I would suggest running in safemode....this stops everything running in the background......when you first turn on computer hit f8 and this will give you the option of running in safemode.....i would run scandisk and then defragg both in safemode and you should be good to go


----------



## Rockn (Jul 29, 2001)

Normal for Windoze defrag to get confused with other apps accessing the hard drive. Do an alt+ctrl+del and do an end task on every item with the exception of systray and explore. Then try and run defrag. One particular office app that causes this is findfast, I just keep it from loading entirely on my PC and never have a problem with defrag.


----------



## GayleCSC (Jun 12, 2002)

Hope you ran a scan disk first..


----------



## Rollin' Rog (Dec 9, 2000)

This is a problem that really should be posted in the Operating Systems Forum. I'm going to move you to Win95/98/ME on the assumption that you have one of those.

In the meantime follow the instructions on the MS Article for deleting the Applog folder and doing a Disk Cleanup before running Defrag. If the problem continues, run it in Safe Mode.

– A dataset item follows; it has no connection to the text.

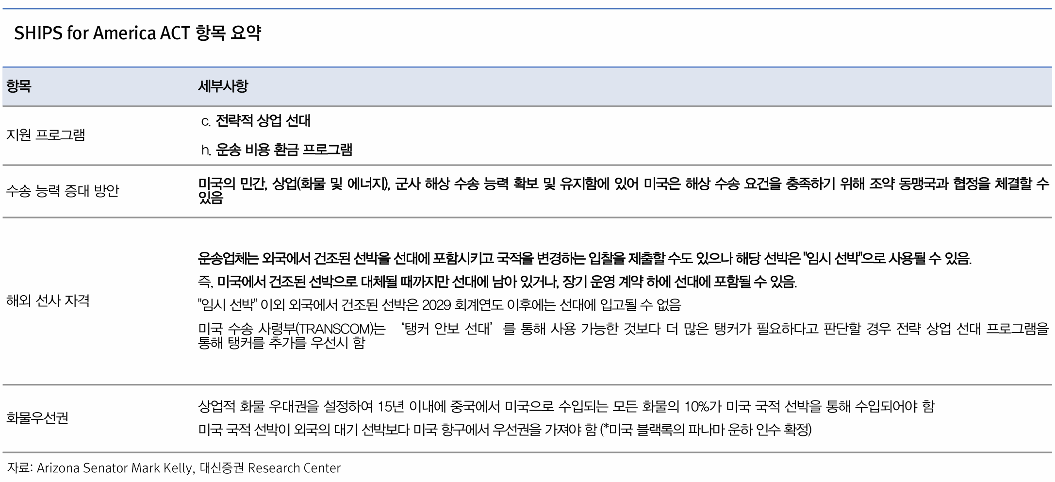 - 2029년부터 외국 건조 선박의 미국 선대 편입 제한

http://support.microsoft.com/default.aspx?scid=kb;EN-US;q218160


----------



## flavallee (May 12, 2002)

Take a look at my article on hard drive maintenance at http://9337387.home.icq.com/index.html Hopefully, it will help you.


----------



## sluggo123 (Jun 28, 2006)

Rollin' Rog said:


> This is a problem that really should be posted in the Operating Systems Forum. I'm going to move you to Win95/98/ME on the assumption that you have one of those.
> 
> In the meantime follow the instructions on the MS Article for deleting the Applog folder and doing a Disk Cleanup before running Defrag. If the problem continues, run it in Safe Mode.
> 
> http://support.microsoft.com/default.aspx?scid=kb;EN-US;q218160


I started one similar on operating systems ME. It is still going on there. I do not know if this is the same thread or not. IF so how did it get away from operating systems ME etc.


----------